Weitere Untersuchungen sind auf dem Weg 

Die kanadische Firma SciCann hat Ende 2018 eine klinische Studie auf den Weg gebracht, die das hauseigene CBD-Präparat “Steady Stomach” prüft. Das Medikament war zuvor von der internationalen Patentbehörde ISA akzeptiert worden.

Die Ergebnisse, erwartet für Anfang 2020, werden noch mehr Licht in die Zusammenhänge zwischen Reizdarm und Cannabinoid bringen.2

Was genau ist CBD und wie wirkt es im Körper von Reizdarm Patienten? 

Bei CBD handelt es sich um Cannabidiol. Zusammen mit Tetrahydrocannabinol (THC) ist es der wichtigste Bestandteil von Cannabis.

CBD ist im Gegensatz zu THC allerdings nicht (!) psychoaktiv; das bedeutet: Die Einnahme von CBD allein ist nicht mit einem Rausch verbunden. 

Wie CBD dann bei der Bekämpfung des Reizdarmsyndroms (RDS) oder chronisch entzündlichen Darmerkrankungen (CED) im Körper genau funktioniert, ist noch nicht restlos geklärt, es gibt aber ein paar Theorien. Die derzeit führende ist diese hier: 

Die Immunzellen von CED-Patienten sind häufig überaktiv. Das bedeutet, dass sie im Darm die Schleimhaut zerstören, die das Organ von innen auskleidet.

Unser Körper sendet in einem solchen Fall Reparaturtrupps aus, spezielle Moleküle, die die Schleimhaut wieder instand setzen sollen.
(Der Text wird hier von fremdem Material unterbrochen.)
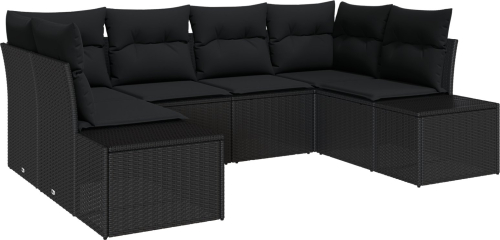 vidaXL Zestaw Sof Ogrodowych 6 Elementów z Poduszkami Czarny Polirattan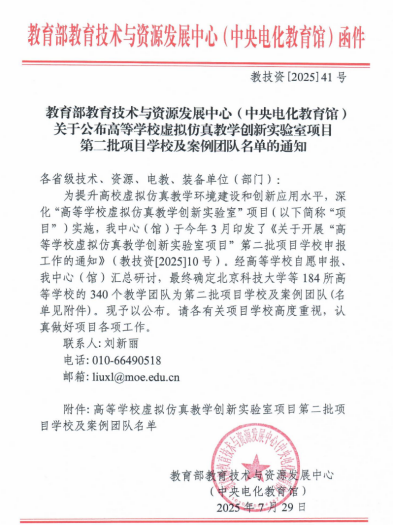 2025年7月,北京科技大学材料虚拟仿真数智化实验室入选高等学校虚拟仿真教学创新实验室项目第二批名单。
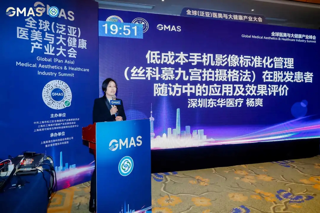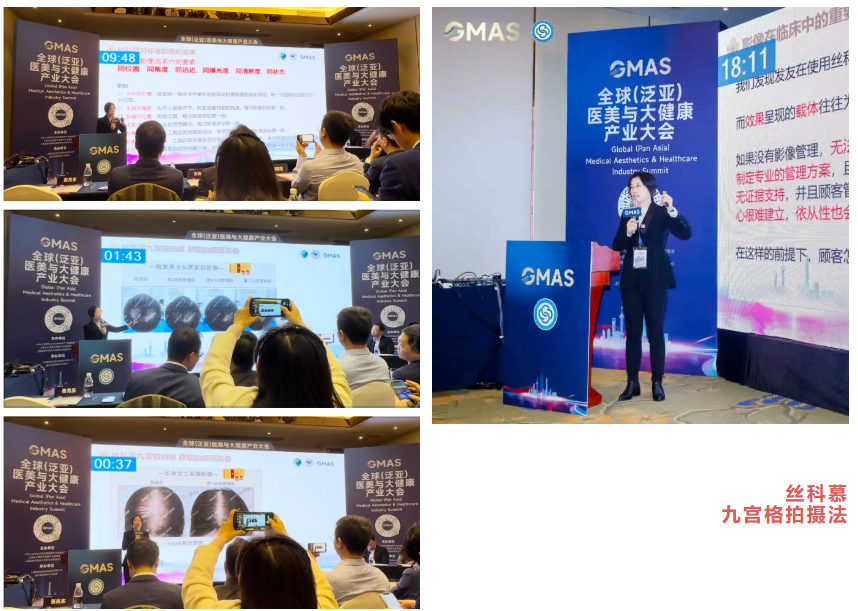 本次大会共设立十八个专题分会场,在其“毛发整形专题会场”,东华医疗团队杨爽女士分享的《低成本手机影像标准化管理(丝科慕九宫格法)在脱发患者随访中的应用及效果评价》学术课题,成为现场关注的焦点。

Um diese zu bilden, greift der Körper auf Cannabinoide aus Eigenproduktion zurück – Endocannabinoide genannt.

Je größer der Schaden, desto mehr Endocannabinoide werden allerdings benötigt.

Wenn der Körper den Bedarf nicht mehr decken kann, kommt es zu den typischen Reizdarmsymptomen.

Forscher haben herausgefunden: Cannabinoide – auch solche, die durch CBD zugeführt werden – docken an bestimmten Rezeptoren im Darm an (CB1 und CB2) und aktivieren diese.

Schafft der Körper dies nicht mehr selbst, weil der Endocannabinoidspeicher leer ist, können supplementierte Cannabinoide einspringen.

Tatsächlich wurde in Studien nachgewiesen, dass CBD mittels der Aktivierung hilft gegen:

Entzündungen, Depressionen, Brechreiz, Unwohlsein und Krämpfe. Studien weisen auch auf eine Wirksamkeit gegen Durchfall hin. 3 4 5 6 7 8 9 10 11 12

Wichtig: Wie oben bereits erwähnt: Bitte kaufen Sie nicht irgendein CBD-Öl im Internet. Hier gibt es einfach zu viele schwarze Schafe.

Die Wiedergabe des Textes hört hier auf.